Given the entries below, would you transcribe exactly the lines starting at the one with "关于思想道德修养论文800字" and ending at the one with "How do you know", both kept, pictures omitted, nothing extra?

==== Given information ====

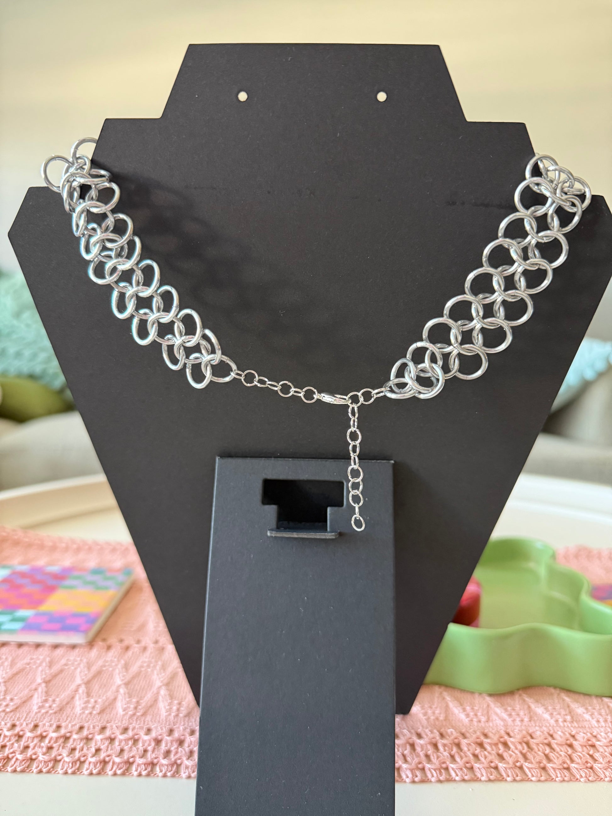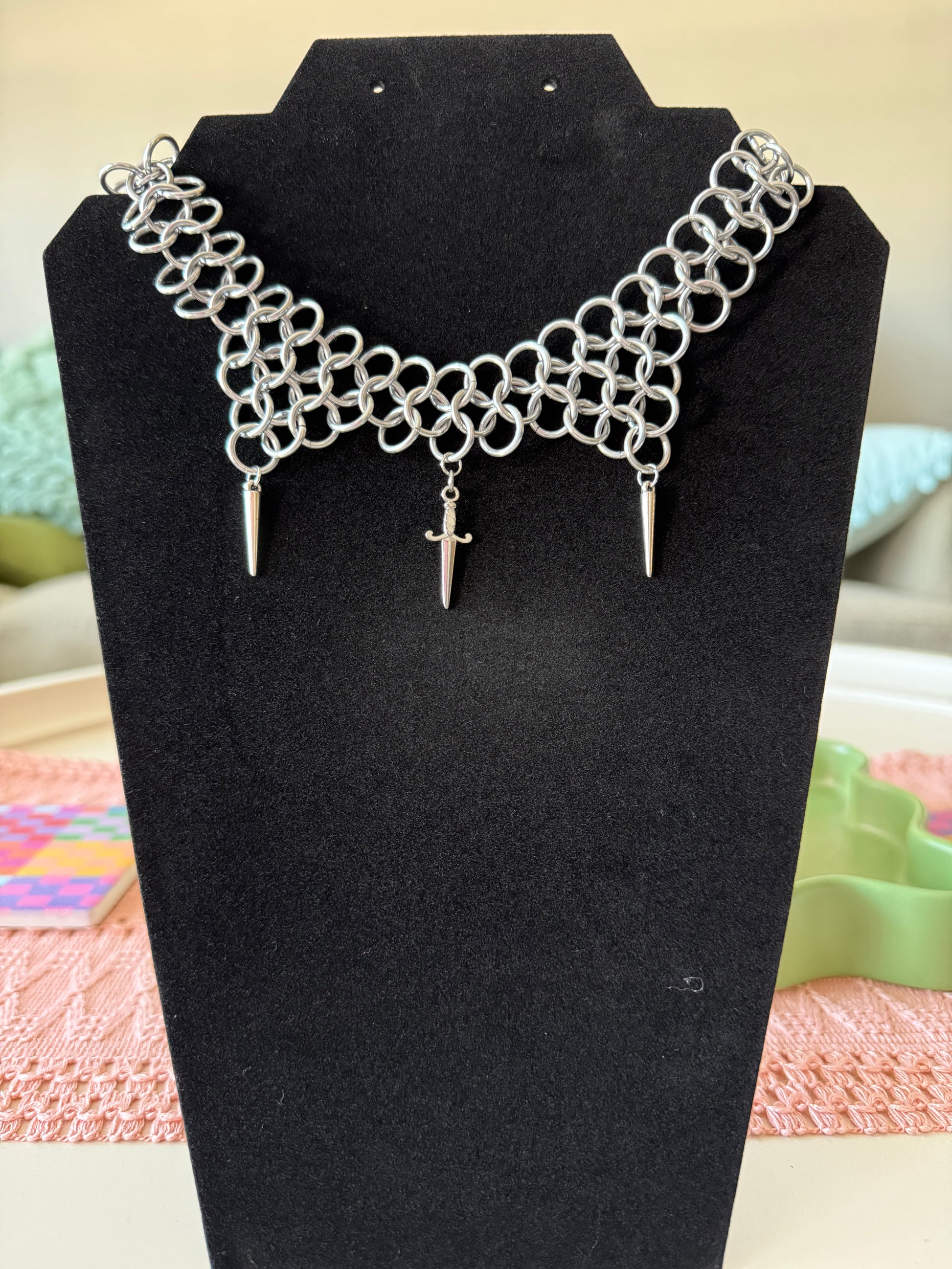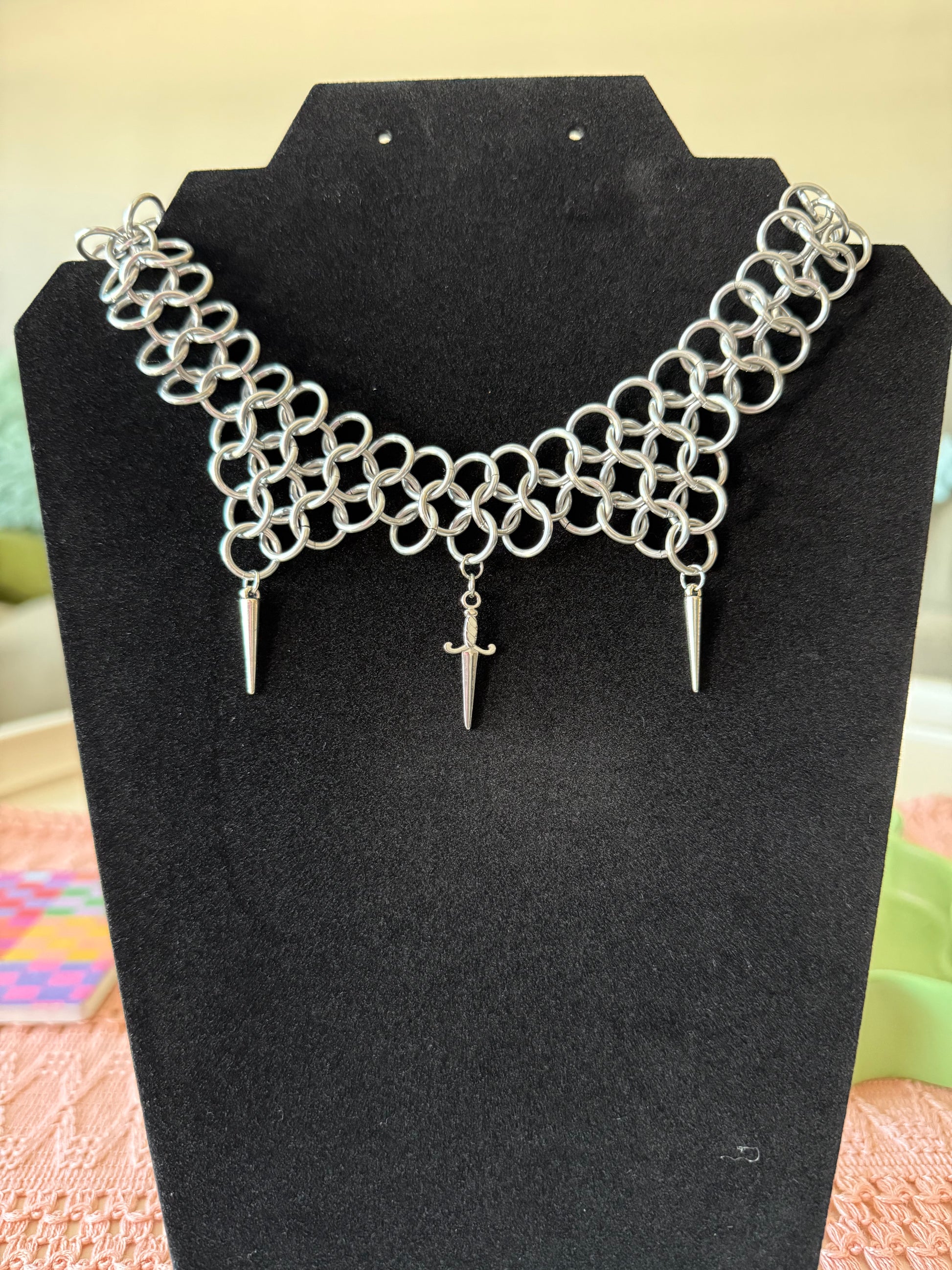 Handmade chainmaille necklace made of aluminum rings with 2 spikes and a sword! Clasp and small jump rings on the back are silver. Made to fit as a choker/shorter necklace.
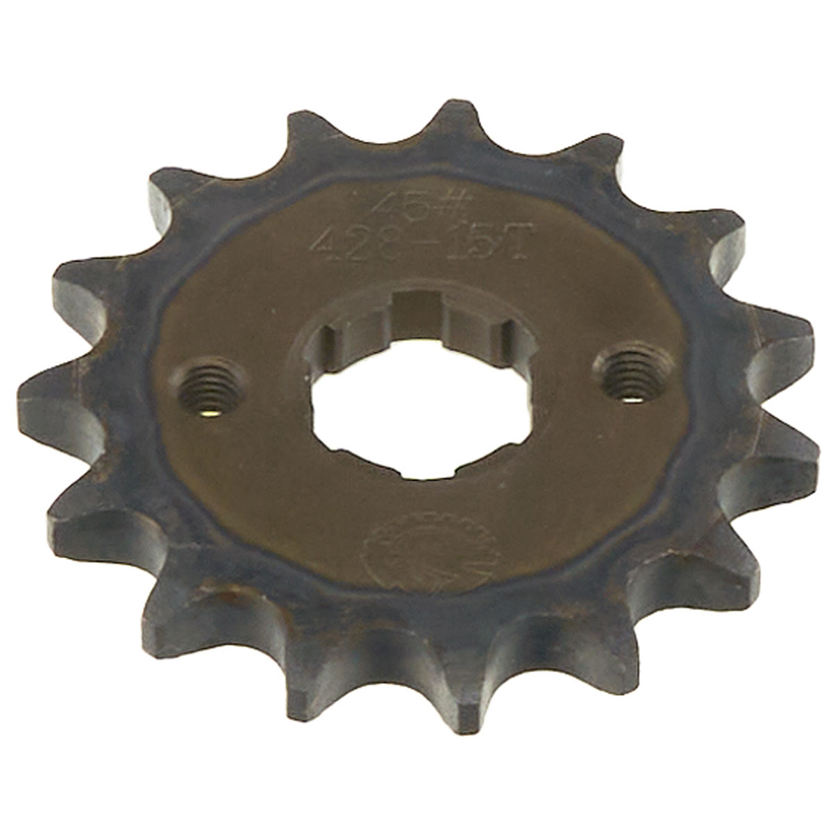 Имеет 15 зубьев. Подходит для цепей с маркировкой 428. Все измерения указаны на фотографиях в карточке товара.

====
==== Given information ====

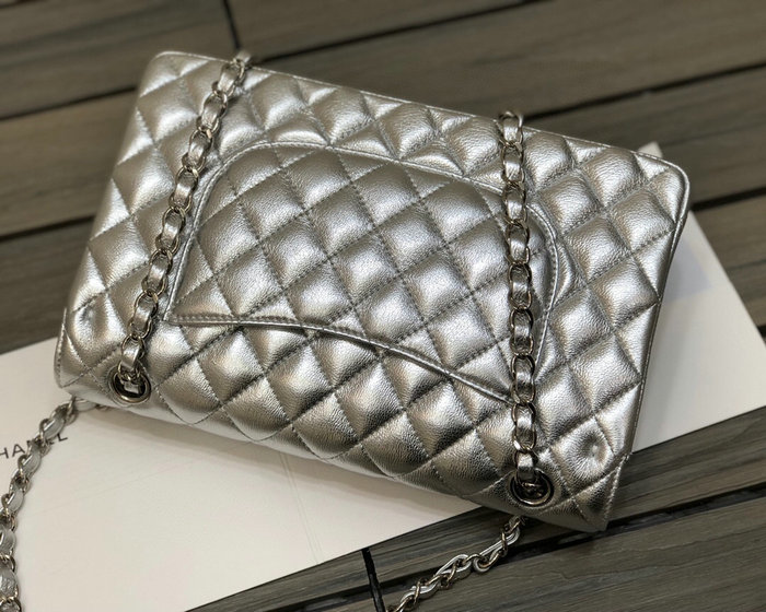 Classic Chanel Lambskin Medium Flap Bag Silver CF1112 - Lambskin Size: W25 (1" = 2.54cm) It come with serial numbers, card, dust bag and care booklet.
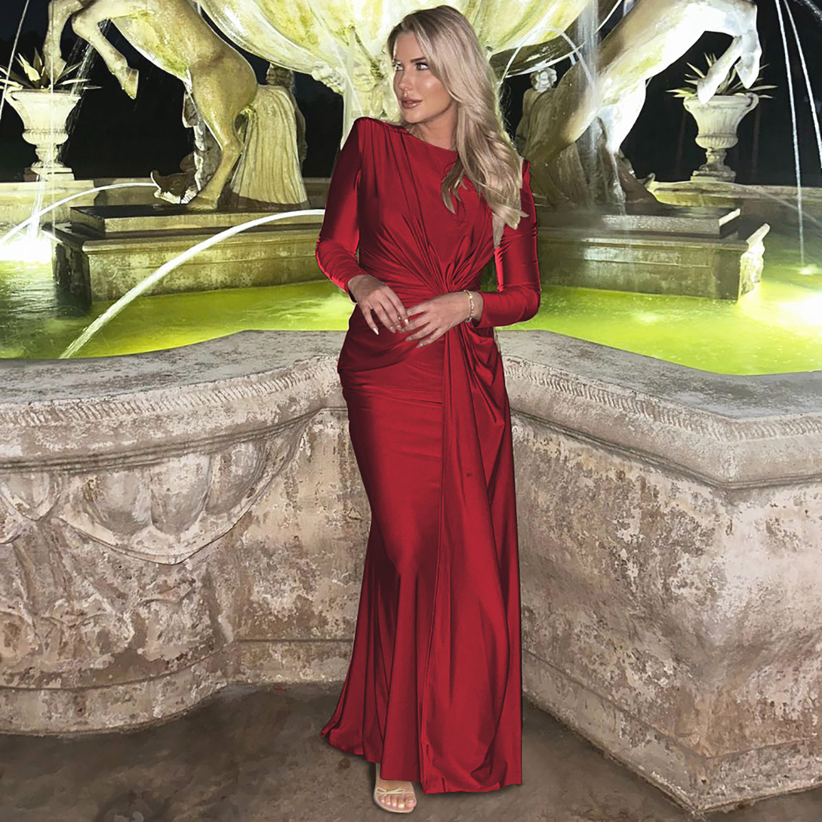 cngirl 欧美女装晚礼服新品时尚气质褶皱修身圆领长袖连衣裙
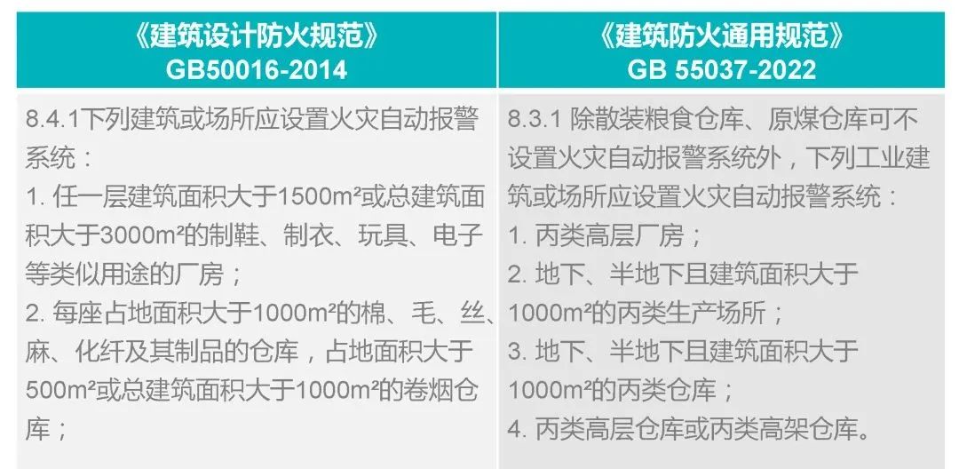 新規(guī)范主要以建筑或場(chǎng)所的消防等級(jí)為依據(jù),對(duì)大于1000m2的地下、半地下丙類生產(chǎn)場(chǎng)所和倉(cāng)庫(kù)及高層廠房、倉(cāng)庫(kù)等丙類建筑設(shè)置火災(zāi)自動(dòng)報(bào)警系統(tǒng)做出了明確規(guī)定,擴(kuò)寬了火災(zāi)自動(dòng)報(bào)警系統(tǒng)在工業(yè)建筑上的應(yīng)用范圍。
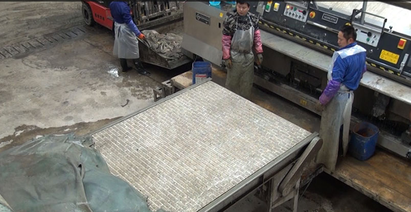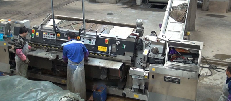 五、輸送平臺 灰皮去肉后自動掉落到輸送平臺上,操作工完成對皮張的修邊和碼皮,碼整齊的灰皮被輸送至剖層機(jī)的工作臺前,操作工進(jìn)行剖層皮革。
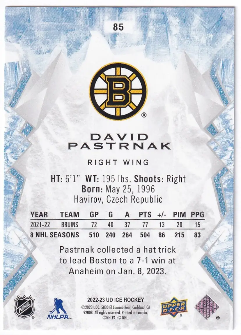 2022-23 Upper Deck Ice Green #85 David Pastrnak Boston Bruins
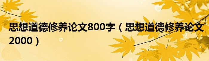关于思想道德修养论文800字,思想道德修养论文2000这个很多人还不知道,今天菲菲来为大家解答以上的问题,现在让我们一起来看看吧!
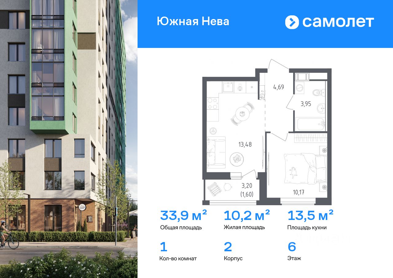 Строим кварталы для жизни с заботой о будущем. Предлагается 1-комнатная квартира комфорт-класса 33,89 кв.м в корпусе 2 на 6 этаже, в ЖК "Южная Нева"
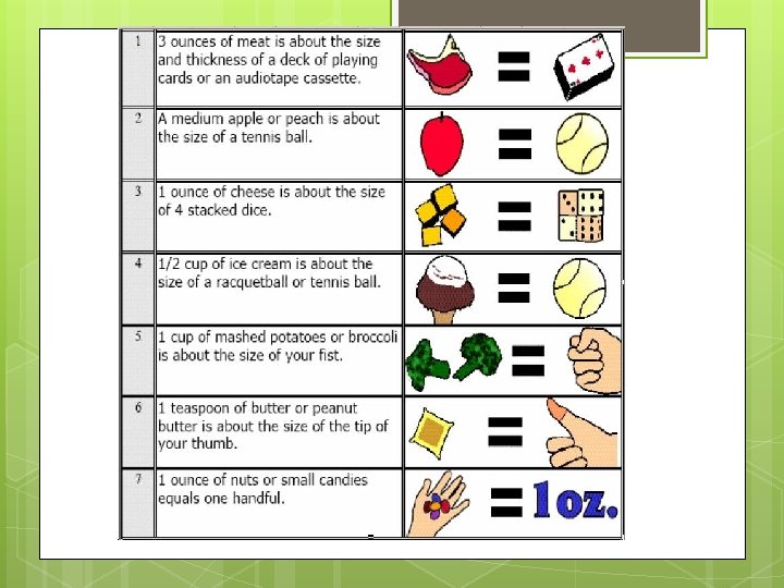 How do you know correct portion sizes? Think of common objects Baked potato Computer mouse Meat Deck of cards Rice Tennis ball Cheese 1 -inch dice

====

Exercise solution>
关于思想道德修养论文800字,思想道德修养论文2000这个很多人还不知道,今天菲菲来为大家解答以上的问题,现在让我们一起来看看吧!
 Строим кварталы для жизни с заботой о будущем. Предлагается 1-комнатная квартира комфорт-класса 33,89 кв.м в корпусе 2 на 6 этаже, в ЖК "Южная Нева"
 How do you know correct portion sizes? Think of common objects Baked potato Computer mouse Meat Deck of cards Rice Tennis ball Cheese 1 -inch dice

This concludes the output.